As you can see, all I setup was some very simple functions for Play, Stop, Pause, Loop, Speed, Volume, Balance, Position, etc. Now in your Form, put this code in, and you are all set:


VB Code:
Option Explicit
 Private Sub Form_Activate()
    
    'Change the file path of your mp3 in here.
     DirectShow_Load_Media "C:\Jacob's Stuff\Music\Mp3's\Black Metal\Dimmu Borgir - Enthrone Darkness Triumphant - 10 - A Succubus In Rapture.mp3"
    
    'You don't need to do this part, but it's nice to be
    'able to control it.
    '------------------------------------------------
    DirectShow_Volume 100
    DirectShow_Balance 0
    DirectShow_Speed 100
    DirectShow_Set_Position 0, 0, 0, 0
    '------------------------------------------------
     DirectShow_Play
 End Sub
 Private Sub Form_Unload(Cancel As Integer)
      DirectShow_Shutdown
 End Sub

That's all you really need. DirectShow_Load_Media and DirectShow_Play. It's that simple.  :Wink: 

To play videos, here is a sample project: Video Player

Feel free to add to my DirectShow engine. I only added the basic functions that is perfect for making your own media player.

----------


## Jenova

Two other ways that you might find helpful are the sndPlaySound API and the MMControl that can be added in VB.

*sndPlaySound*

This function plays the sound specified by 'lpszPlaySound' parameter. This function is limited to .wav files. An example of use is shown below.


VB Code:
Option Explicit
 
' Plays the sound specified by
' lpszPlaySound.
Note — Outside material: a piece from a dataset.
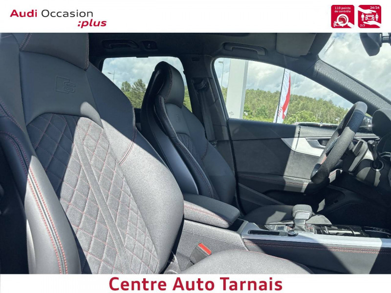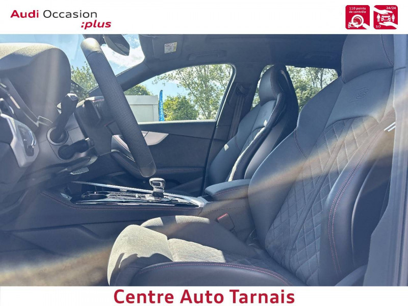 Applications décoratives en Aluminium brossé mat / Audi Virtual cockpit plus combiné d'instruments entièrement numérique de 12,3" en résolution Full HD, affichage flexible et fonctionnel des informations en fonction des besoins du conducteur, intégration des fonctionnalités MMI dans le combiné d'instruments, affichage de la carte de navigation en modèle de terrain 3D sur l'écran couleur, incluant recommandation de repos, possibilité d'affichage en mode Dynamique, Sport ou Classique haute résolution / Blocs de feux AR à LED avec clignotants séquentiels Clignotants, feux stop, feux AR, feux de recul et feux de plaque arrière à LED / Ceintures de sécurité, automatiques à 3 points pour tous les sièges, contrôle de port de ceinture AV / Clé confort incluant déverrouillage du coffre par capteur (sans Safelock) - Accès et démarrage du véhicule mains libres (keyless access) - Déverrouillage du hayon via la touche coffre de la télécommande - Inclut le déverrouillage du coffre par capteur à l'aide du pied - Ouverture et fermeture du hayon assistéélectriquement / Frein de stationnement électromécanique / Jantes en aluminium coulé Audi Sport 5 branches trapézoïdal, finition titane mat, polies brillant Dimension : 8,0 J x 18" Pneus : 245/40 R 18 / Moulures de seuil avec insert en aluminium AV, éclairées, avec inscription S / Navigation MMI plus avec MMI touch / Pack Assistance Ville - Audi side assist : assistant de changement de voie par affichage LED dans le rétroviseur extérieur correspondant - Audi pre sense AR incluant Audi pre sense basic - Audi parking system plus : aide au stationnement AV et AR - Caméra de recul - Avertisseur de sortie du véhicule - Assistant de sortie de stationnement perpendiculaire en marche AR / Pack Eclairage d'Ambiance plus 3 profils de couleur prédéfinis ; un profil de couleur supplémentaire, interactif et personnalisé. 30 couleurs sont disponibles au choix pour un profil de couleur personnalisé. Les adaptations de teintes s'appliquent aux éclairages de contour et d'ambiance : . Éclairage des seuils de portières AR (blanc) . Porte-boissons à l'AV (multicolore) . Éclairage d'ambiance des portières AV/AR (multicolore) . Éclairage de contour des portières AV/AR (multicolore) / Pack Esthétique Noir Apporte une touche noire à l'extérieur, au niveau de l'Audi singleframe et des parechocs AV et AR. La version varie selon le modèle et l'équipement / Pack Rangement et Coffre Inclut les éléments suivants dans l'habitacle : Filet de rangement au dos des sièges AV . Porte-gobelets dans l'accoudoir central à l'AR . Vide-poches côté conducteur . Boîte à gants verrouillable Dans le coffre: Filet de coffre, filet dans le logement gauche, sangle de serrage à droite / Pack Side Assist Assistant de changement de voie de circulation (dans les limites du système) via affichage par LED dans le rétroviseur extérieur correspondant (à partir d'environ 15 km/h et jusqu'à 250 km/h) - Audi pre sense AR incluant Audi pre sense basic : un système détecte les collisions potentielles à l'AR et à titre préventif tend les ceintures, ferme les vitres (et le toit ouvrant si installé) et allume les feux de détresse / Phares Matrix LED, feux AR à LED et lave-phares / Projecteurs à LED Feux de croisement, feux de route, feux diurnes et feux de position à LED,clignotants à ampoules, avec éclairage tout-temps / Préparation pour crochet d'attelage / Préparation pour l'activation de la fonction de navigation / Rétroviseur intérieur sans encadrement jour/nuit automatique / Rétroviseurs extérieurs couleur carrosserie avec clignotants à LED intégrés / Rétroviseurs extérieurs réglables et escamotables électriquement, jour/nuit automatique, dégivrants des deux côtés et buses de lave-glaces dégivrantes / Volant Sport contour en cuir style 3 branches à méplat avec multifonctions plus Avec emblème S et surpiqûres contrastées spécifiques S / 8 HP passifs / Accoudoir central confort AV avec inclinaison réglable et coulissant en longueur / Airbags latéraux à l'AV et système d'airbags de tête / Antipatinage ASR pour une motricité optimale, empêche le patinage des roues motrices / Appel d'urgence et service Audi connect avec commande du véhicule / Appui lombaire à 4 axes pour les sièges AV: réglages électrique, horizontal et vertical / Audi Connect avec carte SIM intégrée (e-SIM) et licence d'utilisation pour 3 ans / Audi Drive Select / Audi Hold Assist / Audi Park Assist / Audi Parking System Plus / Audi Phone Box avec charge du téléphone par induction (standard Qi) / Audi Pre Sense city / Audi smartphone interface (Apple CarPlay ou Google Android Auto) / Audi Sound System 10 HP incluant 1 HP central et 1 subwoofer, amplificateur à 6 canaux avec une puissance totale de 180 watts / Avertissement de sortie de voie / Blocage électronique de différentiel EDS / Ciel de pavillon en tissu noir / Clé Audi connect (Smartkey) Votre smartphone se transforme en clé numérique pour votre véhicule. Permet de gérer les fonctionnalités suivantes : - Verrouillage/Déverrouillage du véhicule : en positionnant le téléphone à proximité de la poignée de portière - Démarrage du moteur : en plaçant l'appareil Android sur le support universel pour téléphone portable situé sur l'accoudoir central à l'AV - La clé Audi connect fonctionne avec la technologie Near Field Communication (NFC) - Possibilité d'attribuer jusqu'à 5 clés / Coffre à ouverture et fermeture électriques / Colonne de direction de sécurité / Commande de désactivation de l'airbag passager AV / Contrôle électronique de stabilisation (ESC) / Câbles de recharge pour téléphone portable, compatibles iPhone et Android / Diffuseur avec finition symétrique des sorties d'échappement de style en chrome à gauche et à droite / Direction assistée électromécanique / Dispositif anti-erreur de carburant / Dossier de banquette AR r

This function is
' limited to .wav files.
Private Declare Function sndPlaySound _
    Lib "winmm.dll" _
    Alias "sndPlaySoundA" ( _
        ByVal lpszSoundName As String, _
        ByVal uFlags As Long) _
        As Long
        
Private Const SND_NOWAIT    As Long = &H2000                    ' Don't wait if the driver is busy
Private Const SND_SYNC      As Long = &H0                       ' Play synchronously (default)
Private Const SND_FLAGS     As Long = SND_SYNC Or SND_NOWAIT    ' Combination of two constants above
 Private Sub Command1_Click()
    ' Call sndPlaySound to play our file
    Call sndPlaySound(App.Path & "\Chimes.wav", SND_FLAGS)
End Sub

*MMControl*

This is a control that can be added through Visual Basic 6.0 by going to Project > Components and selecting 'Microsoft Multimedia Control 6.0'. This control can play a mixture of sound types and is of more use than sndPlaySound if you are playing music through VB. An example on using this is below:


VB Code:
Private Sub Form_Load()
    With MMControl1
        .FileName = App.Path & "\Sound.wma"     ' Set the file to be played
        .Command = "Open"                       ' Open the file
        .Command = "Play"                       ' Play the file
    End With
End Sub

Hope this is of some help  :wave:

----------